The Center could grant infrastructure as well as industry status to new sectors to boost several industries affected by the pandemic in the coming months.
Industry insiders said that several sectors and sub-industries such as hospitality, automotive retail, specific digano installations and companies engaged in the installation of electric vehicle charging stations, among others, could obtain the status.
The infra beacon will allow these sectors to benefit from tax breaks, incentives and credits on lower interest rates.
“Sectors that are in the green or would need increased capital expenditure to help them weather the pandemic can be looked at from the perspective of an infrastructure sector,” said Jagannarayan Padmanabhan, Director and practice leader,
“Many sectors already identified also need sustained political momentum that will help them gain visibility both in terms of quantum and period of applicability.”

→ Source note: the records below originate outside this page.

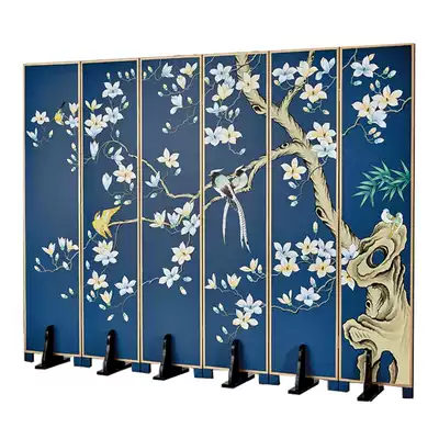 New Chinese hand-painted flowers and birds lacquer painting solid wood movable gold leaf screen European living room cubicle hotel decoration background
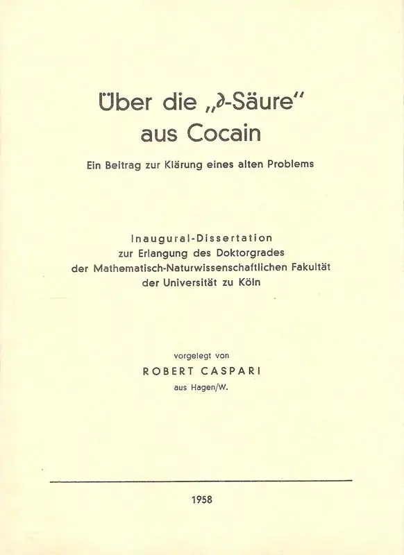 Caspari, Robert: Über die "[Delta]-Säure" aus Cocain. Ein Beitrag zur Klärung eines alten Problems. (Dissertation).
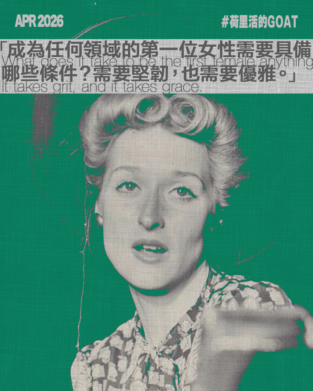 梅麗史翠普一直鼓勵女性不必服從外界的標準,不需要裝可愛或壓抑自己的意見。她亦從未讓外表或年齡框住自己,「面對自以為是的嘲諷、戲謔的輕蔑,或是被無視,都不要放棄,也不要屈服。」當世界試圖定義你的時候,她繼續用實力打破框架,以堅韌和優雅,成為永恆GOAT。
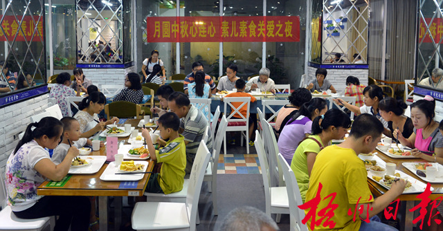 ????9月24日晚,由梧州日報社黨委、大塘街道辦黨工委、素兒素食店主辦,梧州日報社團委愛心聯盟協辦的“月圓中秋心連心 素兒素食關愛之夜”活動繼續傳遞關愛。來自金葉社區、豐業社區、龍山社區等10個社區的貧困家庭、孤寡老人、留守兒童在社區黨員志愿者、“雙報到”單位黨員志愿者的陪伴下,共進晚餐,提前歡聚中秋。
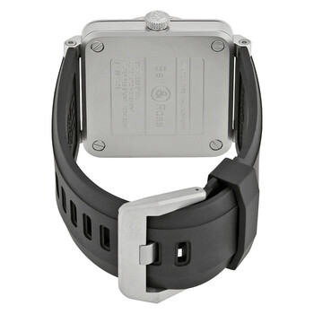 Silver-tone microblasted steel case with a black rubber strap. Fixed silver-tone microblasted steel bezel. Grey dial with luminous grey sword-shaped hands and index hour markers. Arabic numerals mark the 3, 6, 9 and 12 o'clock position. Dial Type: Analog. Luminescent hands and markers. Date display between the 4 and 5 o'clock positions. Bell and Ross calibre BR-CAL.302 automatic movement, based upon Sellita SW300-1, containing 25 Jewels, bitting at 28800 vph, and has a power reserve of approximately 38 hours. Scratch resistant sapphire crystal. Pull / push crown. Solid case back. Square case shape. Case size: 42 mm. Case thickness: 9.8 mm. Tang clasp. Water resistant at 100 meters / 330 feet. Functions: date, hour, minute, second. Additional Info: additional ultra-resilient synthetic fabric. limited edition of 999 pieces. Aviation Horoblack Series. Luxury watch style. Watch label: Swiss Made. Bell and Ross Aviation Horoblack Automatic Men's Limited Edition Watch BR0392-GBL-ST/SRB.
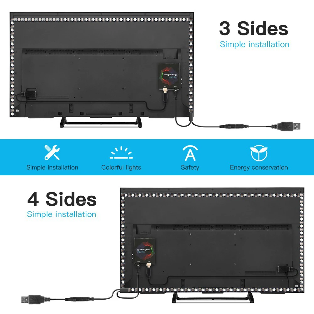 Как установить:Примечание:Светодиодная лента работает должным образом только после установки на ТВ или ПК. Если только несколько светодиодный светильник. Это не проблема качества! Пожалуйста, проверьте установку и настройки. Пожалуйста, следуйте инструкции, чтобы настроить комплект полос.

So far, activities associated with the laying of electricity and telecommunications transmission and distribution lines, roads, highways, railways and the construction of facilities such as hospitals, affordable housing , power generation units, water treatment plants, SEZs and certain types of hotels, among others, have been awarded. such status.
In addition, these sectors are part of the harmonized master list of infrastructure sub-sectors. However, in April 2021, the Exhibition and Convention Center was included in the list.
“Given the focus on electric vehicles and the need for large investment in charging stations, if the government adds the sector to the infrastructure list, the benefits that will accrue will be significant,” Vishal said. Kotecha, Director,
“The infra beacon on the sectors increases the ability to raise funds, access to funds and dedicated lenders, foreign capital, lower interest rates, among others.”
In recent years, lenders have taken a serious hit on their books in order to meet the unique financing needs of the infrastructure sector. This required regulatory changes and government support from time to time.
“The pandemic has hit the retail, hospitality and automotive sectors hard and the need for credit and liquidity support is real and urgent,” said Vipula Sharma, Senior Director – Ratings and Head of – Infrastructure ratings,
“Any likely decision to reclassify lending to these sectors as infrastructure lending will allow banks to lend at concessional rates and over an extended period, giving the sectors time to recover from the three years of repeated extended shutdowns and rebuilding their activities also provide access to funds from a wider set of institutions and funds.”
Moreover, as the economy continues to recover from the protracted pandemic, the sustainability of the recovery is clearly the key objective of fiscal and monetary policy.
Therefore, the Center should focus not only on increasing public capital expenditure on infrastructure, but also on encouraging the private sector, including foreign players, to invest in the sector.
Recently, the Center has already taken an initiative to boost private sector investment spending through the
“We believe there is merit in considering the status of the ‘infrastructure sector’ for healthcare and the electric vehicle charging ecosystem. The criticality of adequate healthcare infrastructure across the country has significantly increased after the pandemic and the ‘infrastructure’ label can be extended to not only hospitals but also diagnostic centers,” said Suman Chowdhury, director of analytics, Acuity Ratings & Research.
“As for EVs, the government has started to provide cash subsidies for EV purchases, but the need of the hour is to build charging infrastructure in a rapid manner. The label ‘infrastructure’ can clearly helping to attract funds to the EV ecosystem.”